Bigfoot conference a big deal

Jefferson, Texas Associated Press

Next to a lifelike replica of a giant ape head, the believers milled around tables Saturday covered with casts of large footprints, books about nature's mysteries and T-shirts proclaiming Bigfoot: Often Imitated, Never Invalidated.

While they can have a sense of humour about it, the search for the legendary Sasquatch is no joke for many of the nearly 400 people who came to discuss the latest sightings and tracking techniques at the Texas Bigfoot Conference.

“It's not a matter of believing, like faith, when you believe in something you can't see,” said Daryl Colyer, a Lorena, Texas, businessman who has investigated hundreds of reported Bigfoot sightings in Texas, Oklahoma, Arkansas and Louisiana.

“It's a flesh-and-blood animal that just has not been discovered yet. And I think we're getting closer and closer and closer,” Mr. Colyer said.

Outlandish theories about the origin of Bigfoot abound, including that it might be an extraterrestrial. Many believe a towering, ape-like creature descended from a prehistoric three-metre-tall gorilla called a Gigantopithecus and now inhabits North American forests.

Hoaxes have been a large part of the making of the Bigfoot legend.

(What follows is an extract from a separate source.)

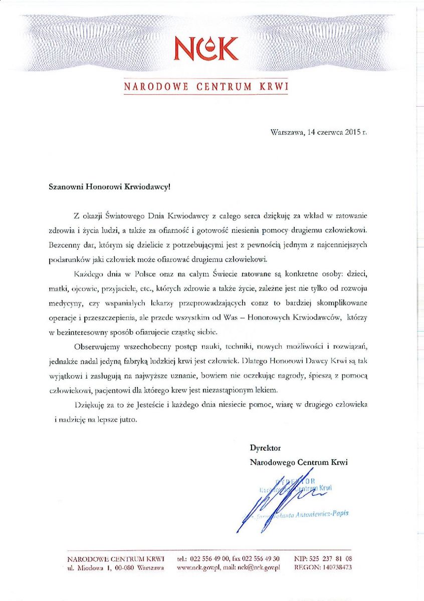 13.06.2015 » Dyrektor Narodowego Centrum Krwi z okazji Światowego Dnia Krwiodawcy

California construction company owner Ray Wallace donned 40-centimetre-long wooden feet to create tracks in mud in 1958 and it led to a front-page story in a local paper that coined the word Bigfoot.

But there have been more than 2,550 seemingly credible Bigfoot sightings reported in North America in the last century, said Christopher Murphy's 2004 book Meet the Sasquatch.

Murphy believes thousands more witnesses are too afraid of ridicule to come forward.

“You see one of these things and it changes your whole perception of reality,” said Craig Woolheater, office manager of a Dallas company who co-founded the Texas Bigfoot Research Center in 1999, five years after he said he saw a hairy creature walking along a remote Louisiana road.

Mr. Colyer and others estimate about 2,000 Sasquatch are in North America today, reclusive nocturnal animals living in thickly wooded areas with waterways, eating meat and plants and making nests out of trees and brush.

Pictures and film footage are often disputed, such as the 1967 footage of a creature walking near a California creek. Most evidence centres on hundreds of casts of footprints collected since the 1950s.

Jimmy Chilcutt, a retired fingerprint analysis expert for the Conroe Police Department, said many of the hundreds of prints he examined belonged to a primate but not a human, ape, gorilla or chimpanzee.

Like Chilcutt, other well-respected professionals have come forward to say such evidence should not be dismissed.

“To me it's still an open question but here's some evidence that warrants some serious consideration, so give it a chance,” said Jeff Meldrum, associate professor of anatomy and anthropology at Idaho State University who has studied more than 150 casts of footprints.

“This is not a paranormal question; it's a biological question.”